Monday, April 18, 2016

The Lord of the Hunt

Preached on the Fourth Sunday of Easter, April 17, 2016

Scripture readings: Hosea 2: 5-8, 14-16, 19-23; Luke 15:1-10

More than once, I have heard guys use a certain line to describe how they courted and won their wife. Their line is this: “I chased her till she caught me.” Unfortunately for me: the times I tried this, it never worked.
Walking along Lower Crab Creek, Starting at Lake Lenice
North of Desert Aire/Mattawa, WA: April 2016
In Hosea, the prophet the Lord chasing after his unfaithful wife, Israel, while she is chasing around with other gods. These other gods promised to give her all the things she wanted if she chased after them. But they didn’t give her anything, in the end, because they were false as well as false-hearted. The Lord kept sending her what she needed to live, and she thought it came from the gods she was chasing.
The Lord kept the chase going because he loved her. Just so, God keeps going after us, and God keeps us going, and we don’t even know it or admit it. God gives us what we need (and more so), even when we want anything but him. Yes, he loves us that much.
Israel was chasing around because everyone (all the nations around her) were all doing the same thing.

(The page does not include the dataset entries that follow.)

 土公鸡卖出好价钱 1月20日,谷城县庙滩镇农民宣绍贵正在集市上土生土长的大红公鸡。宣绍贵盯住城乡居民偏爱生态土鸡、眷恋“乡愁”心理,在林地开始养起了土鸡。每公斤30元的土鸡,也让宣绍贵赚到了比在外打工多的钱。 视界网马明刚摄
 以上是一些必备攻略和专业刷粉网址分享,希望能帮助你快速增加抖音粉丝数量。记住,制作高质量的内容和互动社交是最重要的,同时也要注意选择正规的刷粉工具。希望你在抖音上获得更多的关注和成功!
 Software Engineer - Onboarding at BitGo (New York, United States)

The gods you could chase after were the gods who wanted you to think that you could make deals with them.
These gods were called baals. Baal isn’t a name. It means lord, in the sense of being a master: a master of slaves. These masters claimed to be able to give you lots of the kinds of success you wanted, whatever it was: money, sex, being in control, getting your way, getting good crops, putting down your enemies, safety and security.
The list of such things goes on and on. There are so many gods; so many baals; so many things that we make our masters.

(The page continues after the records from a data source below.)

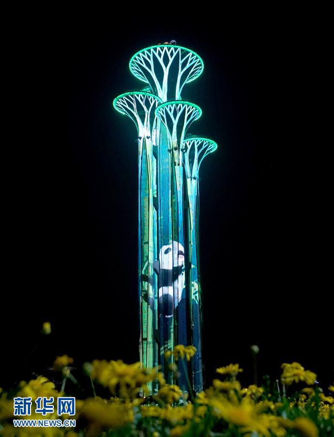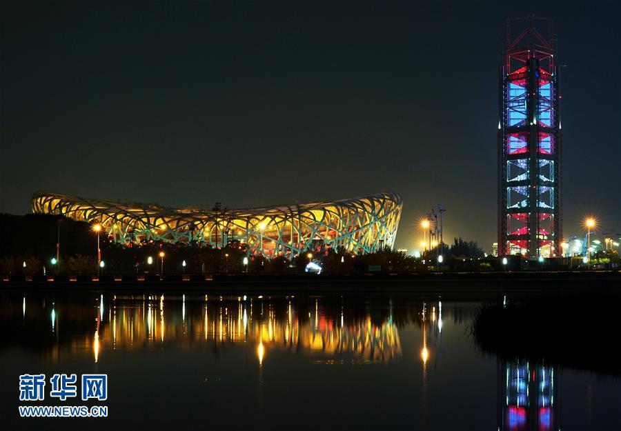 “鸟巢”和玲珑塔交相辉映(5月14日摄)。 当晚,一场“空间光影秀”在北京上演。 新华社记者 陈建力 摄
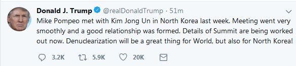 大公網4月18日訊 當地時間18日,美國總統特朗普發布推特稱,邁克·蓬佩奧上周訪問朝鮮,並會見了朝鮮最高領導人金正恩。二人的會面進行的很順利,並形成良好關係。
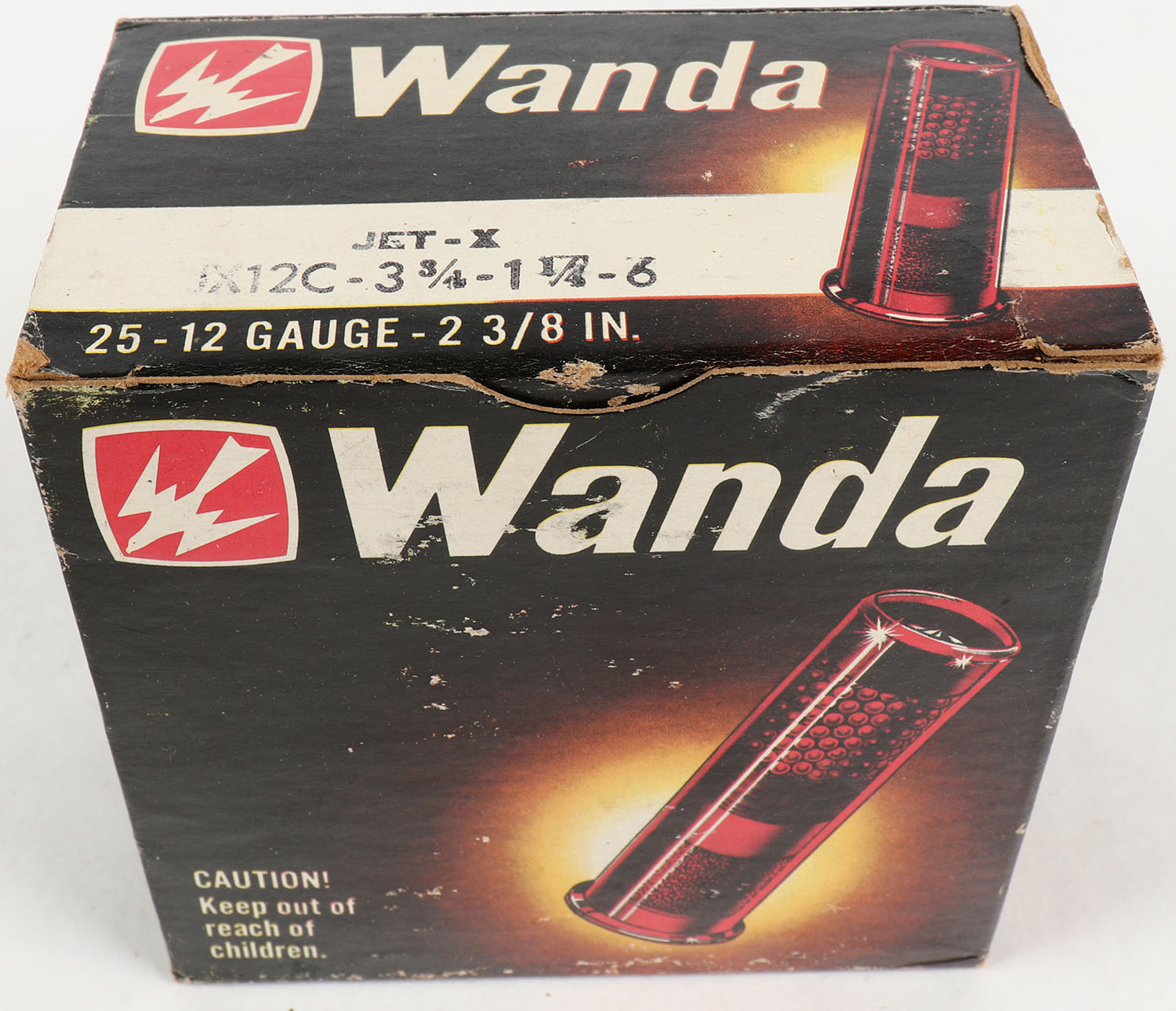 Wanda, 12ga., 1pc., Full, shot size 6, multi-colored box, box has light scuffing, shells are excellent. Grade: Very Good ++ - Value: 10 to 30

These are the masters we are tempted to make deals with. They take charge of us. They become our false gods and we slave after them. All our best relationships suffer because of these masters: including our relationship with God who made us, and loves us, and would come to our rescue in Jesus.

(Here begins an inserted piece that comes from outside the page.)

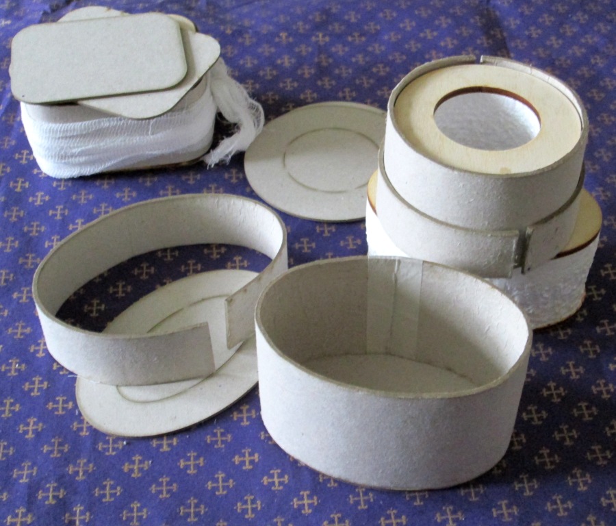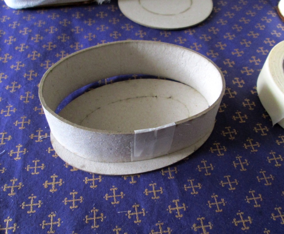 2. Оборачиваем мокрым картоном болванку. Если коробка с крышкой (не откидной!), то бортик от крышки кладем поверх тела шкатулки. На фото: большое кольцо - тело шкатулки. Маленькое кольцо - бортик крышки.
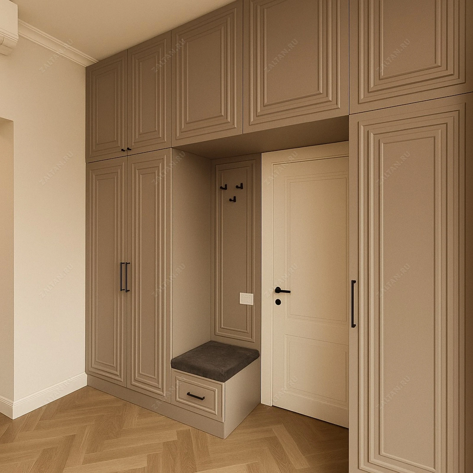 Элегантная встроенная мебель для прихожей в неоклассическом стиле: панельные фасады, просторные антресоли и удобная посадочная ниша с выдвижным ящиком. Изготовим по индивидуальным размерам с акцентом на премиальное исполнение и долговечную фурнитуру.

False gods: the more you chased them the less you had, until you found that you had gotten caught, in a bad way, and really had nothing that truly satisfied you.
In those old times, when Israel was chasing around, she didn’t realize that she was being chased, herself. The Lord was chasing her, prowling for her, hunting for her. The Lord would put barriers and roadblocks in her path to discourage her from doing all that running and slaving.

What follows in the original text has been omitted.